A funny thing happens when you start dating someone–people start asking you if or when you plan to get engaged. Then you get engaged, and people demand to know if you have set a wedding date. You set a date and get married, and then everyone wants to know when you will be having kids. (Ok, in my case we didn’t go in this exact order, but stay with me here). Then you become pregnant, and people want to know the baby’s gender and name. Baby is born. Life changes–you cross over in to the parenting world. And then people start asking when you are having another, since your first is so cute and all.
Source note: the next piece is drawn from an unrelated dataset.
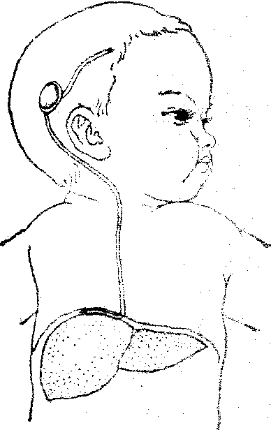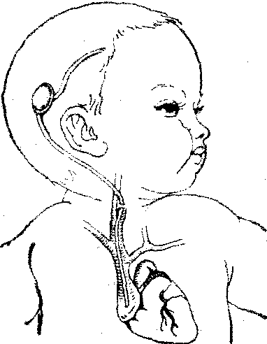 ❷手术中无X线拍片设备者,可用下法:术前拍胸片,测左侧锁胸关节到胸椎6~7的距离; 术中测颈部切口到锁胸关节的距离。前两段距离相加等于颈部切口到心房的距离,即心房管该插入的长度; 心房管接上补液,观察补液滴入速度的情况,当心房管进入心房时,滴入的速度加快。如果心房管进入心室时液体滴入停止。心房管退至滴入速度最快处即为心房内; 当心房管插至上腔静脉时出现缓脉及血压下降,到右心房内时又回复正常,再深入到心室则出现期外收缩,将管端退到右心房时又回复正常; 用Robertson的心电图法更为正确,在补液针头接上心电图导线,再接上心房管,管内充生理盐水,就可以记录心内心电图,当心房管端进入上腔静脉时P波倒置,管端进入心房时P波呈双相,管端接近心室时P波正立,ST段上升。手术方法:病人仰卧,头转向左,背下垫高暴露颈部,头部切口从右耳轮上4~5cm向后4~5cm颅骨平坦部切开一小皮瓣并钻孔。将脑室管插入侧脑室内,接上阀门,并将阀门置入皮瓣内侧预先凿好的颅骨槽内,以便固定整个阀门。右颈部切口,在胸锁乳突肌的前缘,下颌骨角下1cm左右。暴露面总静脉和颈内静脉,心房管自面总静脉插入,用上述心房定位法,将心房管调整在胸椎6~7水平,即在心房内,并将心房管固定在面总静脉上,心房管上端通过皮下阀门相接固定(图1)。

It is actually a bit exhausting, and if you don’t have some solid internal boundaries, it can add up to a lot of pressure. I blame human nature and our desire to inquire. (I am most definitely guilty of some of these inquiries.) But with that being said, I am going to tell you what may (or may not) be going on, on the other side of these questions.

After Mike and I had Ayden, our world was rocked, (and that is putting it mildly). No one was getting much sleep at night, Ayden was a difficult feeder, she liked to party at night and  only wanted to be held. Mike was working full-time and in school full-time. Money was tight. Emotions (hormones) were wacky. Life was hectic. That aside, Ayden was also an incredibly happy and smiley baby, who hit all of her fun milestones crazy-early. One thing was for sure, life was in session in the McAllister home.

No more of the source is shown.